He tastes like coffee and something deeper, something undeniably him.

The scent of smoke and faint detergent clings to his clothes, enveloping me in a heady mix of want and comfort.

His fingers skim under my shirt, rough and warm as they map the bare skin of my sides before cupping the curve of my breast. The pad of his thumb flicks over my nipple, and I gasp into his mouth, arching against him.

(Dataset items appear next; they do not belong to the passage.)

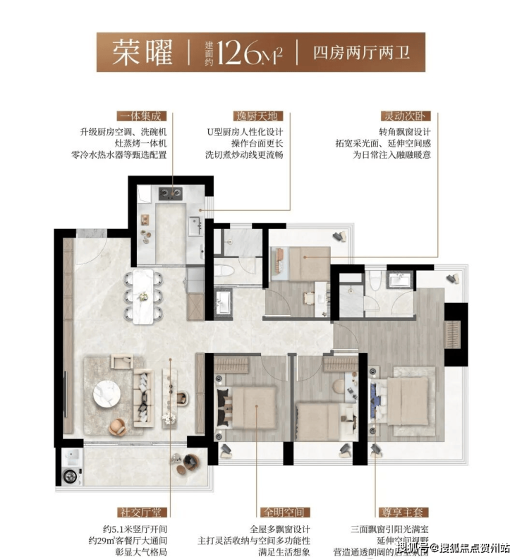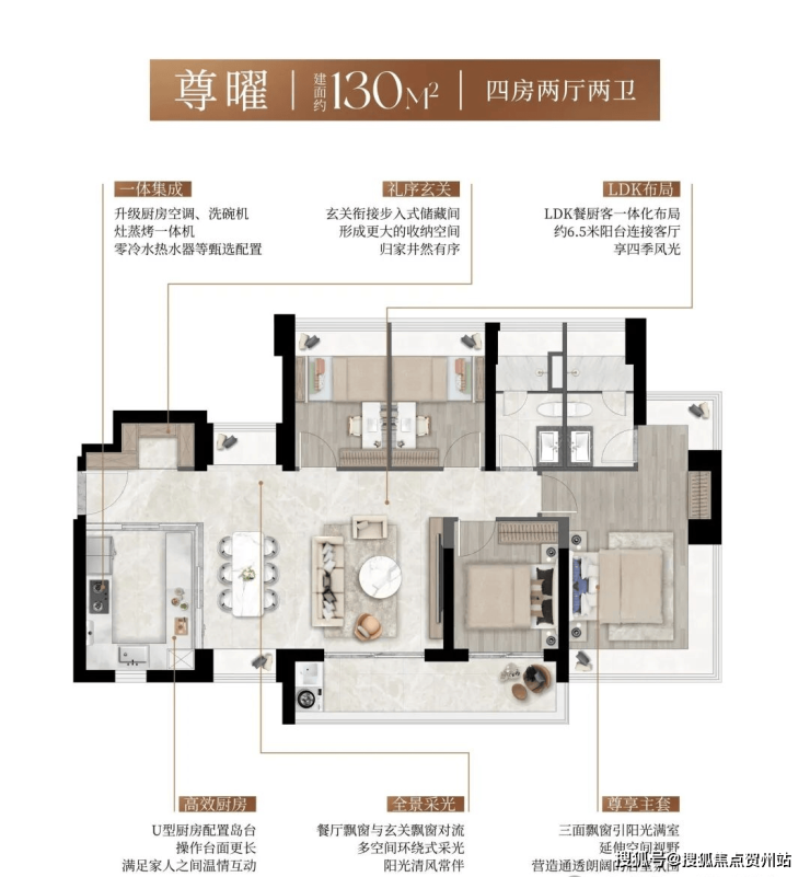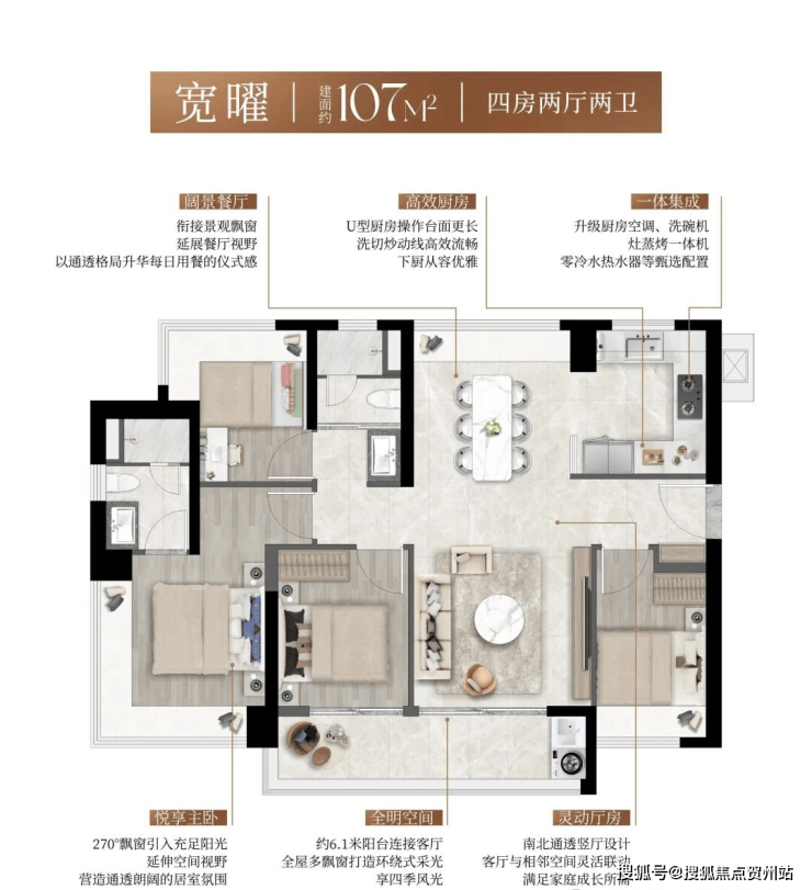 产品:3 栋住宅,总高 45–48 层,3 梯 5 户,精装交付;主力户型 93㎡三房两卫、103–107㎡四房两卫、130㎡四房两卫,全南向设计,新规户型得房率约 90%,空间利用率高。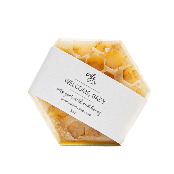 Jabón en barra humectante artesanal de avena, leche de cabra y miel en forma hexagonal 3oz.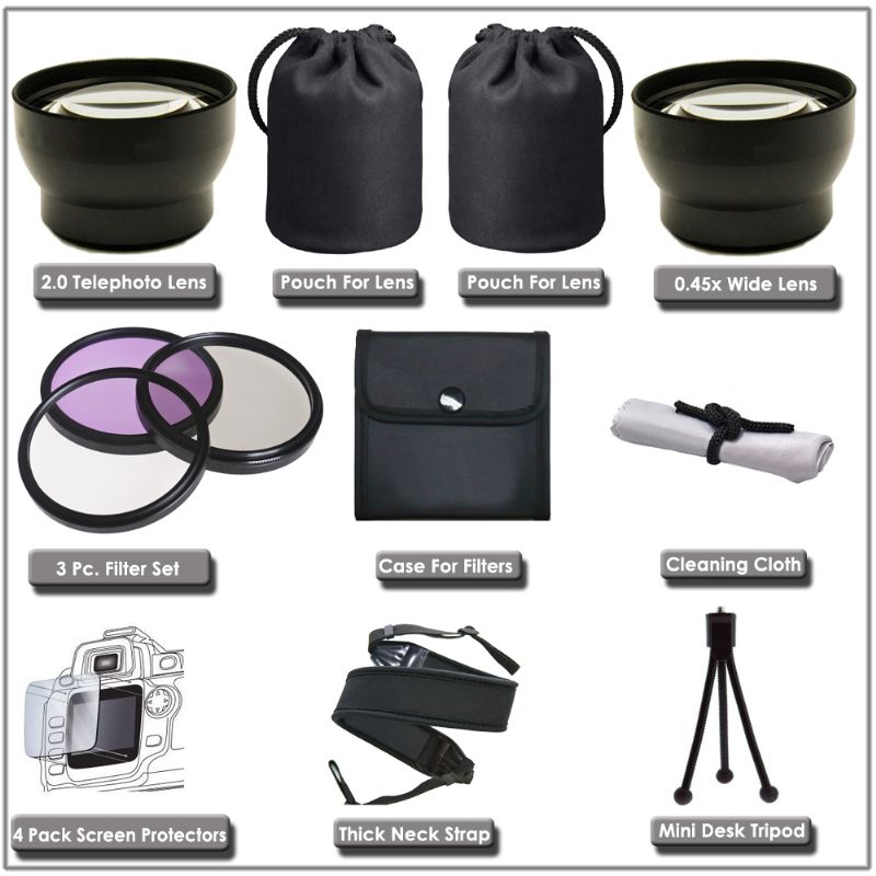 Digital NC newly released kit. Includes: LENS: 2.0x Telephoto Conversion Lens (Black Finish), Get much closer to the action with this professional grade telephoto conversion lens. Great for sports, scenery, and events! This Item Includes: Wide lens, Lens bottom cover, Lens cap, Lens pouch, LENS: 0.45x Wide Angle Lens w/ Macro, Capture the entire scene with this wide angle conversion lens. Ideal for nature shots, sports and events! -- This Item Includes: Wide lens, Lens bottom cover, Lens cap, Lens pouch. FILTERS 1. UV Lens Filter 2. Polarizing Filter 3. Flourescent Filter 4. Filter Pouch. Lens filters improve photographs by giving photographers control over light and allowing them to emphasize the features of a scene that they consider most important.This filter kit is a combination of the three essential filters no photographer should be without. UV--Film and a digital CCD are more sensitive to UV light than our eyes are. This often shows up in images shot from high altitudes and long distances especially over water. This filter will remove the UV light and more importantly protect your lens from moisture, scratches, and damage. Polarizer--provides color and contrast enhancement. Reflected light often shows up as a whitish glare that washes out color in an image. A polarizing filter will correct this problem creating deep blue skies. It also removes glare from non-metallic surfaces such as windows and water.FLD--provides color correction when shooting under fluorescent lighting. It will remove the greenish tint from the image, providing pleasing skin tones and true to life color renditions. Warranty:10 year. Made in Japan.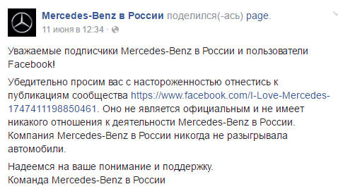 Официальные представители Mercedes в России далеко не сразу среагировали на акцию: лишь 11 июня появилось сообщение на сайте компании и в ее паблике в Facebook с предупреждением о данной акции и призывом остерегаться мошенников. "Компания Mercedes-Benz в России никогда не разыгрывала автомобили", - говорилось в сообщении.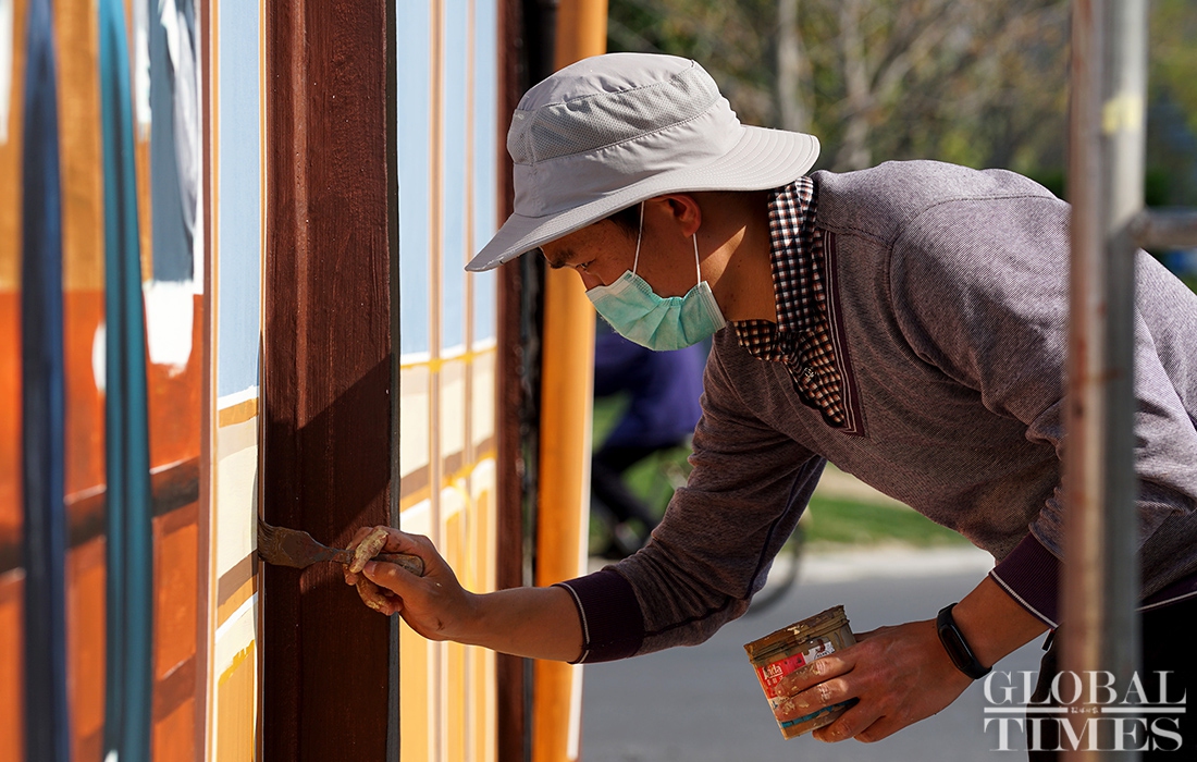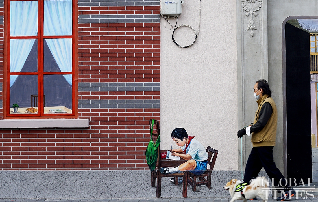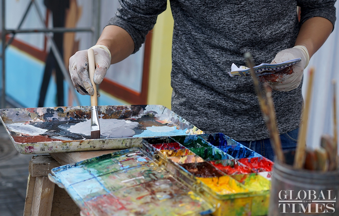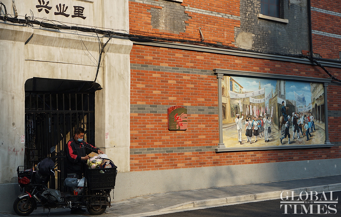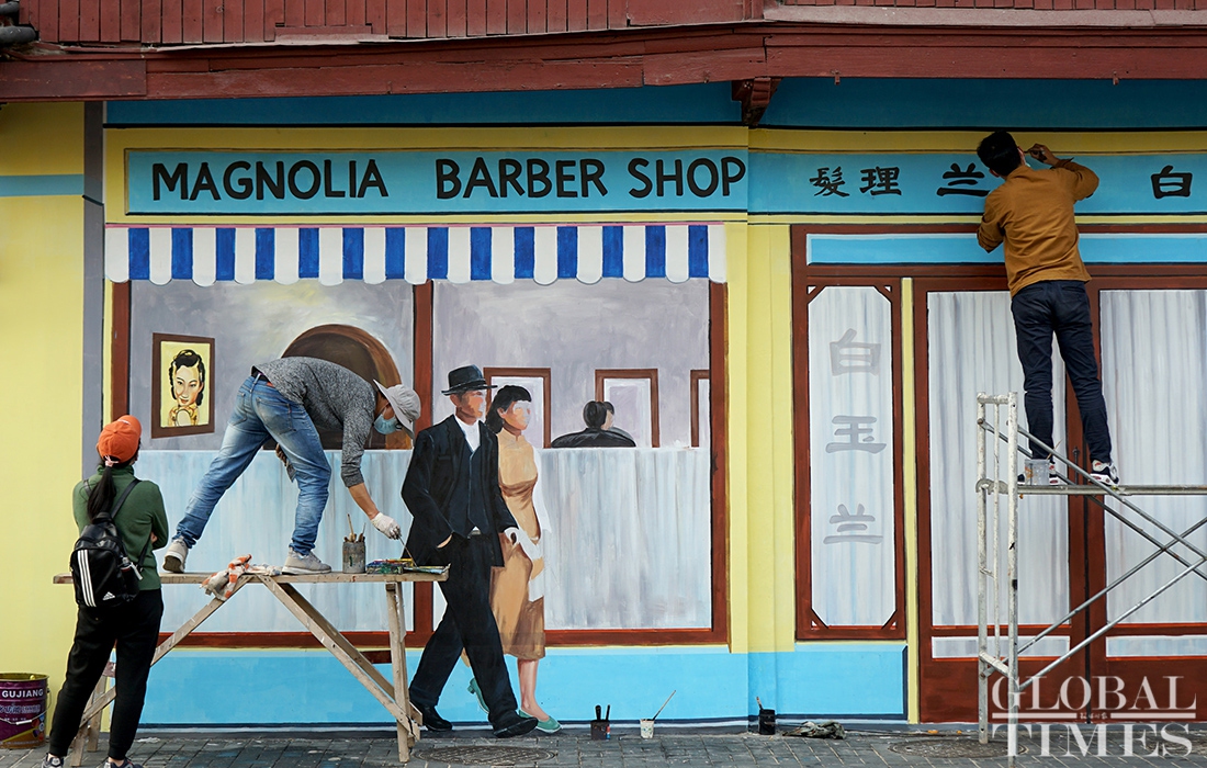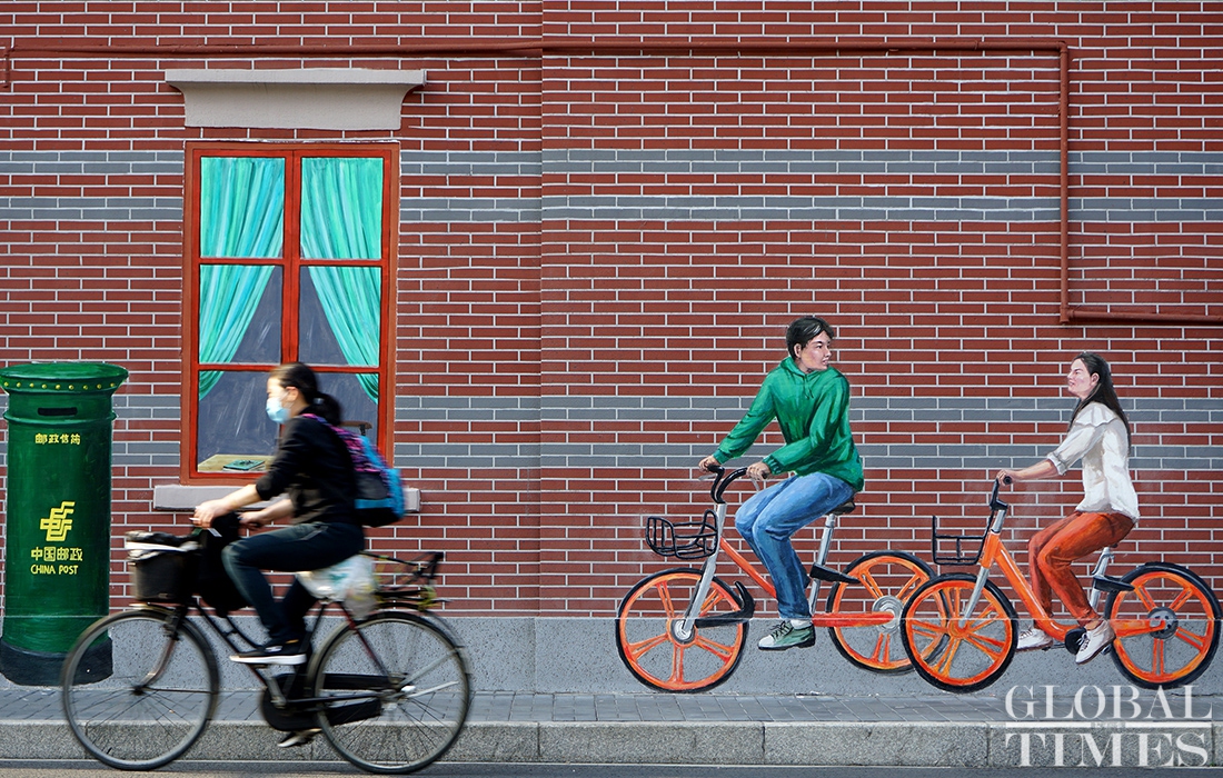 Artists are working on murals on the traditional shikumen buildings along Shanhaiguan road in Shanghai. The nostalgic murals depict different life scenes of the city in the old days.

A low growl tears from his throat as I grind down, feeling how hard he is beneath me. His hands tighten, holding me in place as if he’s afraid I might disappear. The air crackles, every inch of contact humming with tension.

The mug of tea teeters dangerously on the table, forgotten.

Later, there will be spilled liquid and cooling ceramic.

Later, there will be words—maybe. But right now, there’s just this: his mouth claiming mine, his hands branding my skin, and the undeniable truth that we’re both past the point of no return.

Clothes vanish between desperate tugs. His shirt hits the floor. My fingers rake down his chest, tracing ridges of muscle, the smooth expanse of his shoulders. His hands hook in the waistband of my leggings, peeling them down my hips, and I kick them free.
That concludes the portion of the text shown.